Their son, Russell, was paired with his parents in the farcical family comedy, The Higgins Family, in 1938. The story centers around Lucile's performance in two radio programs which threaten to derail her husband's advertising business. The trio was also featured in Grandpa Goes to Town, another Higgins saga, in 1940.

===Activism===
She was a vice-president of the Screen Actors Guild and was a member of the Hollywood U.S.O. and the Veterans' Service Council. In 1947 she was named Mother of 1947 in a Mother's Day observance conducted by the U.S.O. In the 1930s Gleason served on the advisory board of the Federal Theater Project. On several occasions she was an unsuccessful candidate for political office. In 1944 Gleason ran for the Assembly from the 59th District in California. In 1946 she was defeated by then incumbent Secretary of State Frank Jordan.

==Personal life==
Gleason became the wife of actor James Gleason in 1905, when the couple married in Oakland, California. She took his surname as her professional and legal surname.

Her only child was actor Russell Gleason (1908-1945), whose most prominent role came in the Academy Award-winning version of All Quiet on the Western Front (1930), in which he played the role of Private Müller.

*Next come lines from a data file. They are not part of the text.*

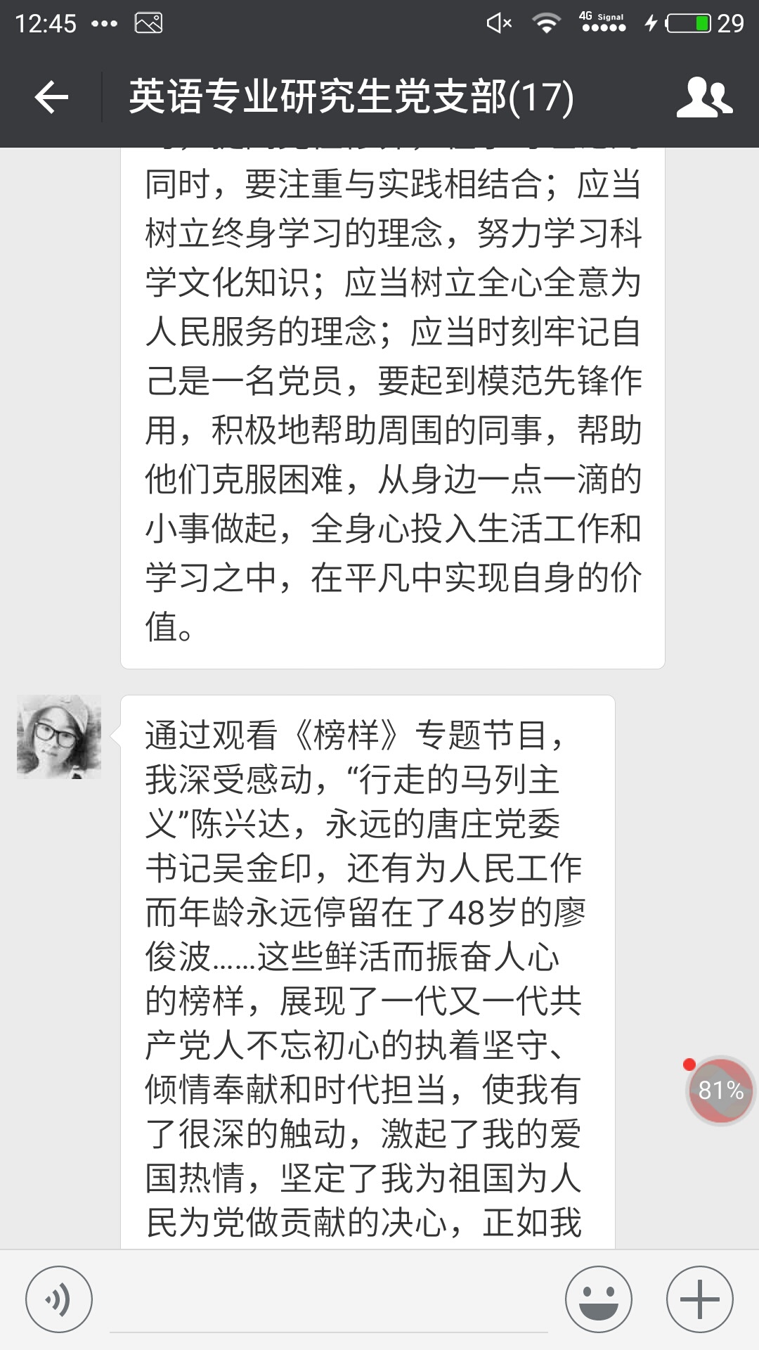 2017年10月11日,我院各党支部分别组织了《榜样》学习和交流活动。思政部教工党支部、政治学与行政学专业教工党支部通过组织党员集体观看专题节目进行学习,党员们学习后撰写了观后感和学习心得;公共英语教工党支部、专业英语教工党支部、英语专业研究生党支部、法学专业教工党支部全体党员在微信群里进行交流与学习,分享学习心得;广播电视学专业与汉语言文学专业教工党支部通过小组集体学习的形式,观看专题节目后进行热烈的讨论;学生第一党支部、学生第二党支部、思政专业研究生党支部按照要求进行自学并撰写和上交了学习心得。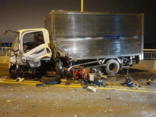 Tại hiện trường, ô tô bốn chỗ bẹp dúm, biến dạng phần đầu và xoay ngang đường. Xe tải cũng bị biến dạng, một bên hông cabin bị xé toạc, cạnh đó hai xe máy bị hư hỏng.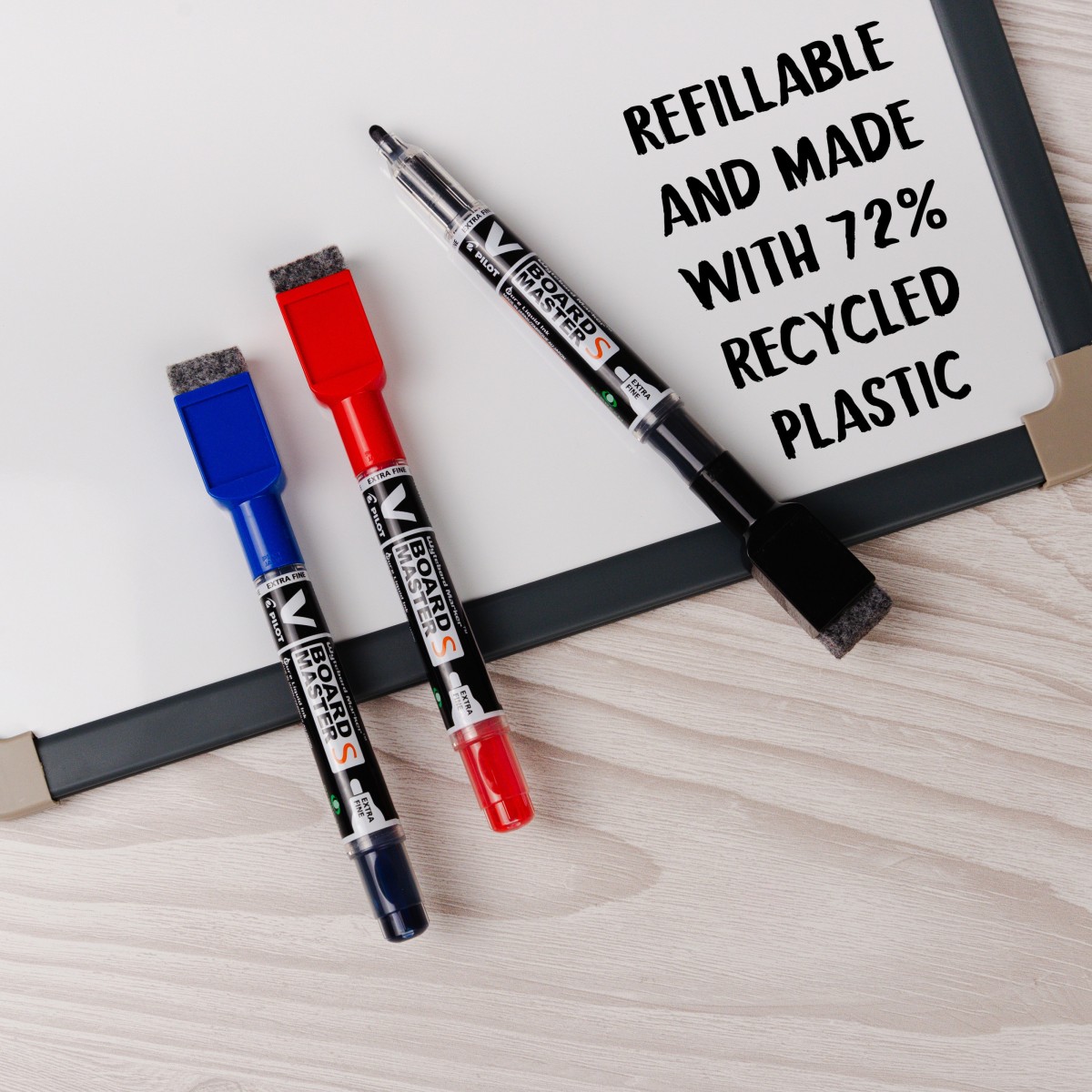 PILOT BegreeN V Board Master is a refillable whiteboard marker to empower your imagination and help you leave your mark boldly and vibrantly. The slim body encourages ease of use for all hand sizes and features a built-in eraser and magnetic cap for all-in-one whiteboard use.

On December 26, 1945, Russell Gleason was in New York City when he fell to his death out of a fourth story window in the Hotel Sutton. He had been awaiting deployment to Europe with his regiment in the hotel, which the army had commandeered to house the troops. Reports varied, some saying the fall was accidental, while others stating it was a suicide.

==Death==
Gleason died in her sleep, apparently of heart disease in 1947, aged 59, at her home in Brentwood, California.

==Filmography==

Year: Title; Role; Notes
1929: The Shannons of Broadway; Emma Shannon
1931: The Pagan Lady; Nellie
Girls About Town: Mrs. Benjamin Thomas
Nice Women: Mrs. Girard
1932: Girl of the Rio; Matron
1933: Don't Bet on Love; Mrs. Gilbert
The Solitaire Man: Mrs. Arthur Peabody
Love, Honor, and Oh Baby!: Flo Bowen
1934: Beloved; The Duchess
Woman Unafraid: Augusta Winthrop
I Like It That Way: Mrs. Anderson
A Successful Failure: Mrs. Cushing
1936: Klondike Annie; Big Tess
The Ex-Mrs. Bradford: Mrs. Hutchins
Rhythm on the Range: Penelope 'Penny' Ryland
Red Lights Ahead: Molly 'Ma' Wallace
1937: Navy Blues; Aunt Beulah
First Lady: Mrs. Ives
1938: The Higgins Family; Lillian Higgins
The Nurse from Brooklyn: 'Ma' Hutchins
The Beloved Brat: Miss Brewster
1939: My Wife's Relatives; Lil Higgins
Should Husbands Work?
The Covered Trailer
Money to Burn
1940: Grandpa Goes to Town
Lucky Partners: Ethel's Mother
Earl of Puddlestone: Lil Higgins
1941: The Gay Falcon; Vera Gardner
1942: She's in the Army; Sgt. Hannah Walters
1943: Stage Door Canteen; Herself
1944: Take It Big; Sophie
1945: The Clock; Mrs. Al Henry
Don't Fence Me In: Mrs. Prentiss; (final film role)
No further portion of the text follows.